I brought this little guy on my little Beauty Bash trip with my mom and friend (Hi Michelle!), and I stuck him on the bathroom mirror so that they could all try him out and they loved him too.

For $5 you seriously can't go wrong.

Tuesday, May 3, 2011

Deep Thoughts

I just realized something.....

I work in HR and my main responsibility is hiring.  So I conduct a lot of interviews and make hiring recommendations.  When you think about it....I get paid to judge people.

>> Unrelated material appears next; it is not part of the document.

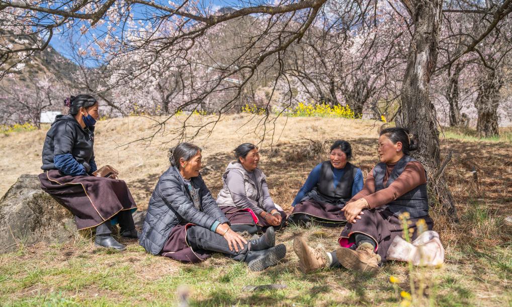 午休时,尼玛曲吉(右二)与村民在桃树下聊天(4月1日摄)。新华社记者 丁增尼达 摄
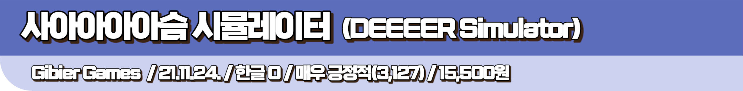 병맛 넘치는 그래픽과 게임플레이가 돋보이는 사아아아아슴 시뮬레이터입니다. 게임이름이 실제로 사아아아아슴, 영어로 디이이이어 시뮬레이터인데요. 플레이어는 사슴이 되어, 기다란 목을 자유자재로 줄이거나 늘여가며 도시를 휘젓고 다닐 수 있는데요. 눈앞에 보이는 모든 것을 파괴해 버릴 수도 있고, 플레이어를 잡기 위해 쫓아오는 다른 동물과 싸워야 하기도 해요. 그야말로 병맛게임이란 이런 것이다를 알 수 있게 해주는 작품인데요. 평가도 나쁘지 않은 작품이니 가볍게 즐겨보시면 좋겠습니다.

I'm living the dream, people.

Tuesday, March 22, 2011

iCarly: Moonlight Twi-Blood

Starring Fredward Cullen

Ok you guys. I've already admitted to watching and liking iCarly. And I know how crazy it sounds. I do. I know you're judging me. I get it. But just do me a this video. Come on, it's funny.
You know you want to.

Monday, March 21, 2011

Disgusting Dog Treats

I have a dog named Jelly.  Jelly was a pound puppy, likely a black lab/doberman mix, that we happily rescued from a shelter.  Before my kids were born, Jelly was completely spoiled with treats, love and attention.  We took her for walks, went to the dog park, bought her special toys and treats, and petted her constantly.  When the twins were born two years later, we didn't have time to shower, much less take Jelly to the dog park.  I wasn't too keen on petting a dirty dog and then touching my babies either.  So poor Jelly didn't get much attention.  She had food, water, a warm, cushy bed to sleep on, but virtually no attention.

The kids are six now, and they give Jelly plenty of attention.  They pet her and play with her all the time.  They provide the attention, I provide the treats.  It's a nice balance.

A couple of months ago, I reluctantly bought a big bag of pig ears for Jelly at Costco.  I was hesitant, because the thought of feeding dried pig ears to anyone is pretty gross.  Even a dog.  I had no idea how much she would LOVE them.  She would get all excited and crunch them like potato chips.  When the pig ears were all gone, I went back to Costco to buy more.  But Costco didn't have them anymore.  They had bully sticks instead.  So I bought those.

I naively thought they were just skinny rawhide sticks.  Until someone told me to google the ingredients.  Huh.  That explains the smell.  I went home and looked at the ingredients list on the package, just to be sure.

It said "Bull Pizzle".  Fo shizzle my nizzles.

Somehow pig ears just don't seem as gross now.